◆ **Given data**

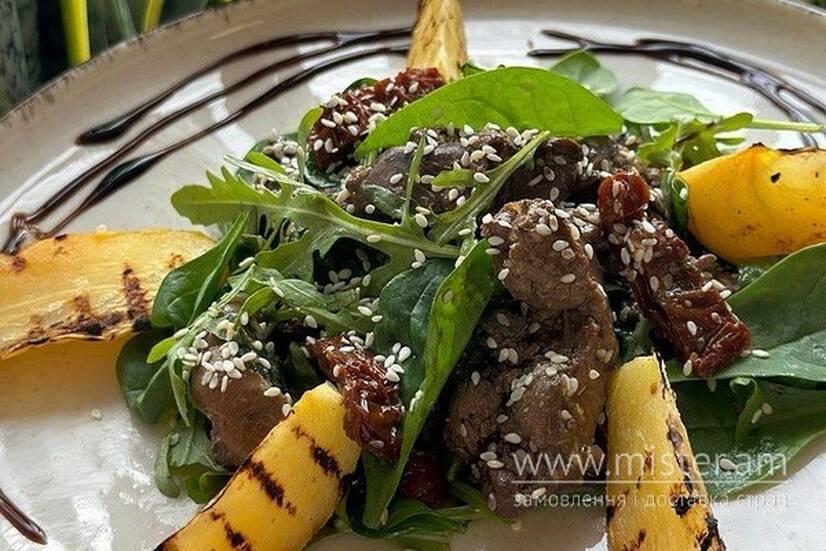 Карамелізована куряча печінка, ківі мариноване, в`ялені томати, шпинат, рукола, кунжут, соус діжонський.
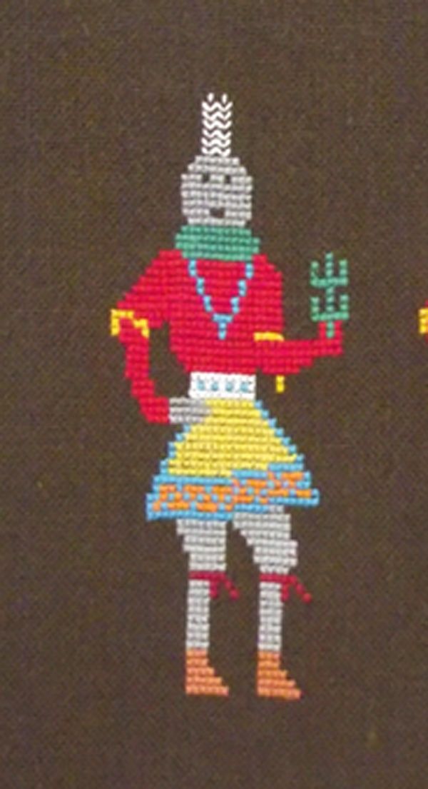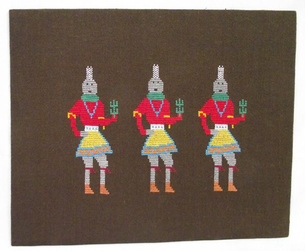 Cross Stitch Panel of 3 Native American Kachinas. Three Kachinas all alike on a dark brown cross stitch panel. The group of three measures approximately 8.5''Hx13''W while the entire panel measures 15.75''Hx19.75''W.
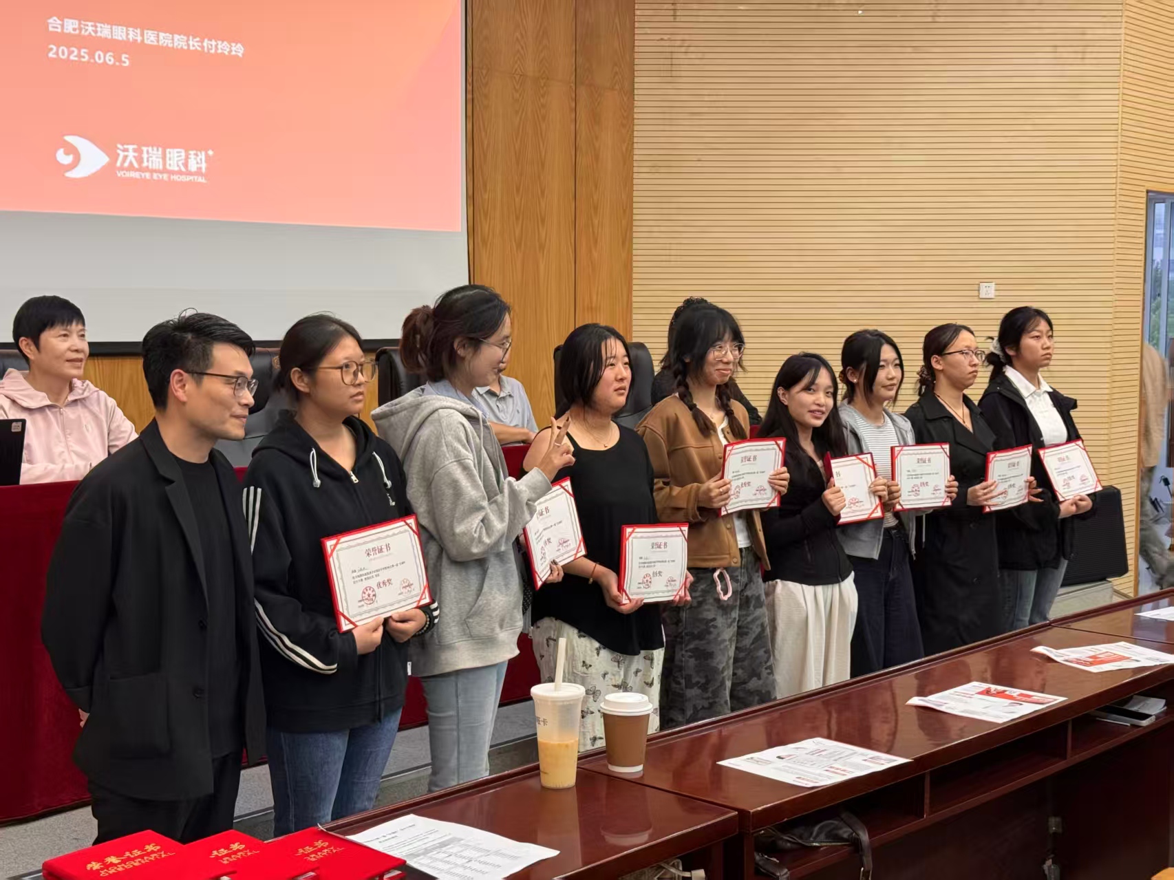在热烈的掌声中,与会嘉宾依次为获奖同学颁发了荣誉证书和奖品。付玲玲院长、姜雪主管及各位评委老师对获奖作品给予了高度评价,称赞同学们将艺术设计与眼健康科普知识巧妙融合,作品兼具创意性、实用性和视觉美感,体现了当代青年设计师的社会责任感。

◆ **Try it**
Would you copy each line above exactly as given, dropping any images?

◆ **Result of this task**
 Карамелізована куряча печінка, ківі мариноване, в`ялені томати, шпинат, рукола, кунжут, соус діжонський.
 Cross Stitch Panel of 3 Native American Kachinas. Three Kachinas all alike on a dark brown cross stitch panel. The group of three measures approximately 8.5''Hx13''W while the entire panel measures 15.75''Hx19.75''W.
在热烈的掌声中,与会嘉宾依次为获奖同学颁发了荣誉证书和奖品。付玲玲院长、姜雪主管及各位评委老师对获奖作品给予了高度评价,称赞同学们将艺术设计与眼健康科普知识巧妙融合,作品兼具创意性、实用性和视觉美感,体现了当代青年设计师的社会责任感。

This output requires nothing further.